• **COLLECTED MATERIAL**:
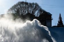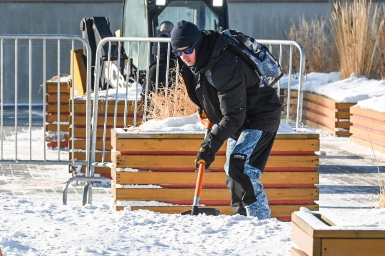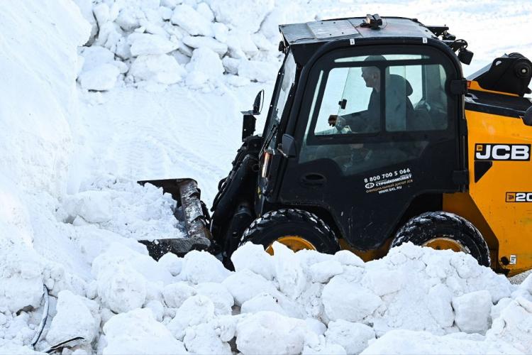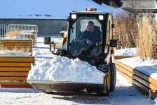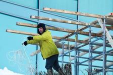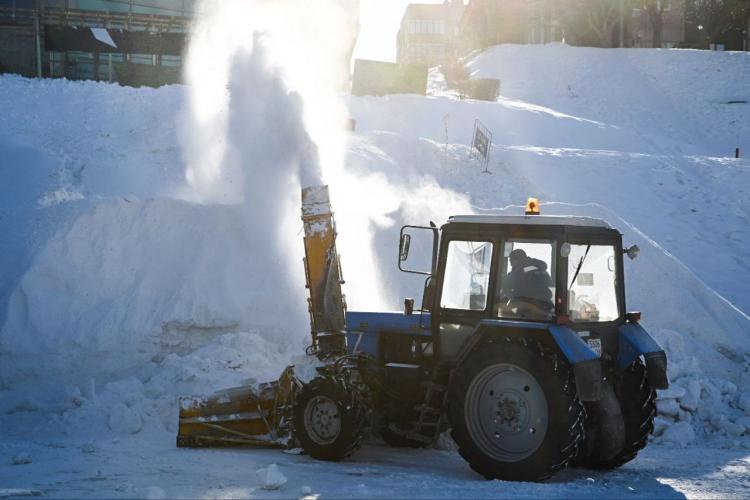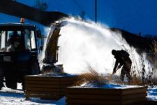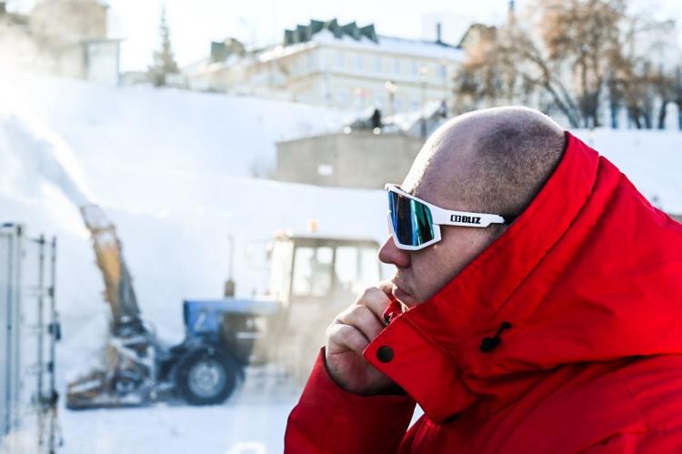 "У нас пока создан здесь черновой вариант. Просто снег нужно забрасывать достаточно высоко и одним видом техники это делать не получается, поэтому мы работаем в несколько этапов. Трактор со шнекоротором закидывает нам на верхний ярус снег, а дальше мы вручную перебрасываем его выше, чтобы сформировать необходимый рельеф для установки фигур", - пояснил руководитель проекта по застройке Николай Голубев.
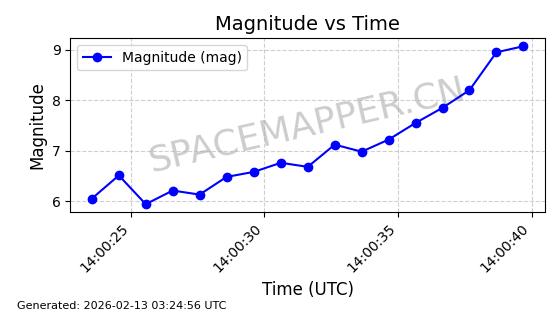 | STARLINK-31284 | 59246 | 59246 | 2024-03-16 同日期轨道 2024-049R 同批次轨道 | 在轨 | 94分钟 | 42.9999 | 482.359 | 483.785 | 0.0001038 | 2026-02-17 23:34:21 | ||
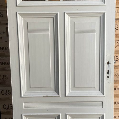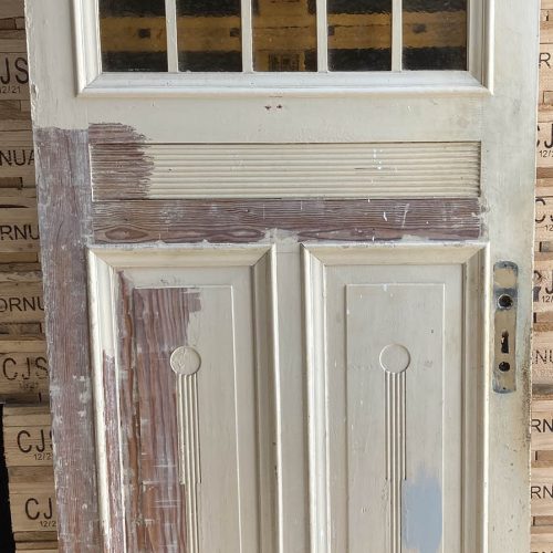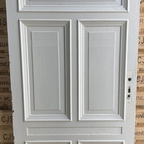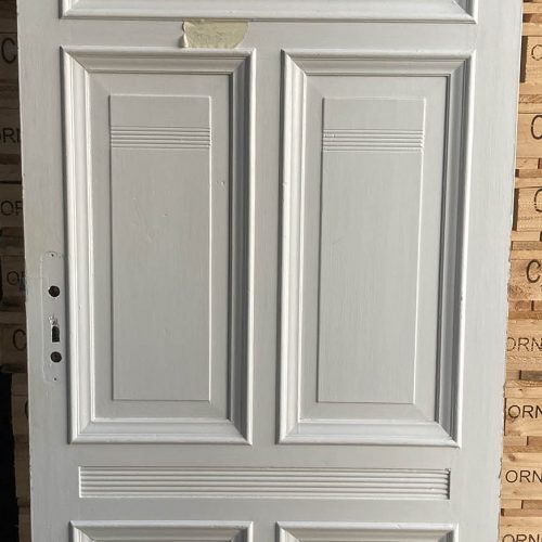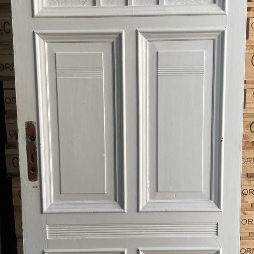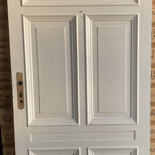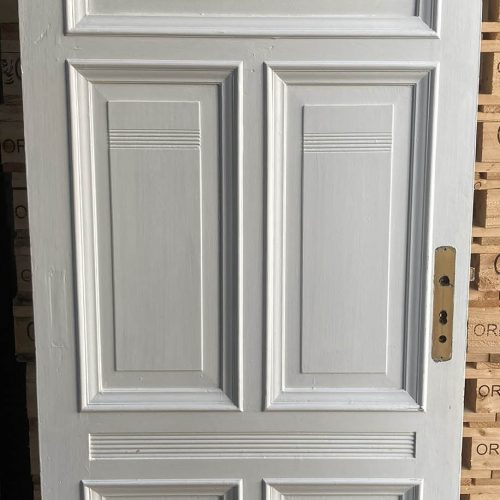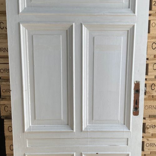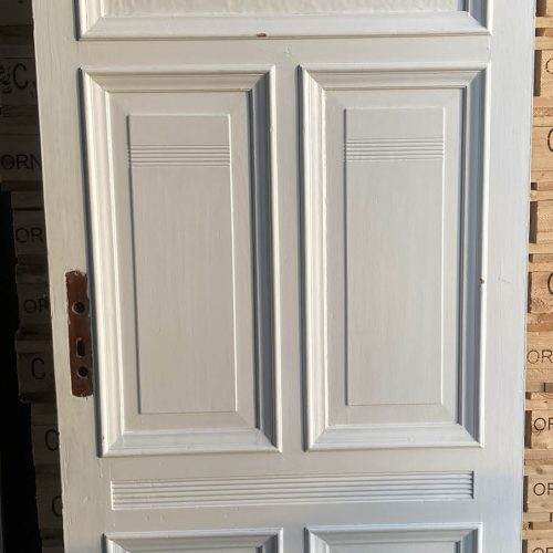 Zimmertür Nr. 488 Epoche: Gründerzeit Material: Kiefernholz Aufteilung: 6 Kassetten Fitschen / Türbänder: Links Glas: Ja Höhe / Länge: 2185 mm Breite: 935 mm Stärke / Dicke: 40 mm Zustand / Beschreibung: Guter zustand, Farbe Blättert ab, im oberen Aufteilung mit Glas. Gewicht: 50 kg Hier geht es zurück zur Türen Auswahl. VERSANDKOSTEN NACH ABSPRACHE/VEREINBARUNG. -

• **EXERCISE PROMPT**: Repeat verbatim all the material, but not the pictures.

• **YOUR RESPONSE**:
 "У нас пока создан здесь черновой вариант. Просто снег нужно забрасывать достаточно высоко и одним видом техники это делать не получается, поэтому мы работаем в несколько этапов. Трактор со шнекоротором закидывает нам на верхний ярус снег, а дальше мы вручную перебрасываем его выше, чтобы сформировать необходимый рельеф для установки фигур", - пояснил руководитель проекта по застройке Николай Голубев.
 | STARLINK-31284 | 59246 | 59246 | 2024-03-16 同日期轨道 2024-049R 同批次轨道 | 在轨 | 94分钟 | 42.9999 | 482.359 | 483.785 | 0.0001038 | 2026-02-17 23:34:21 | ||
 Zimmertür Nr. 488 Epoche: Gründerzeit Material: Kiefernholz Aufteilung: 6 Kassetten Fitschen / Türbänder: Links Glas: Ja Höhe / Länge: 2185 mm Breite: 935 mm Stärke / Dicke: 40 mm Zustand / Beschreibung: Guter zustand, Farbe Blättert ab, im oberen Aufteilung mit Glas. Gewicht: 50 kg Hier geht es zurück zur Türen Auswahl. VERSANDKOSTEN NACH ABSPRACHE/VEREINBARUNG. -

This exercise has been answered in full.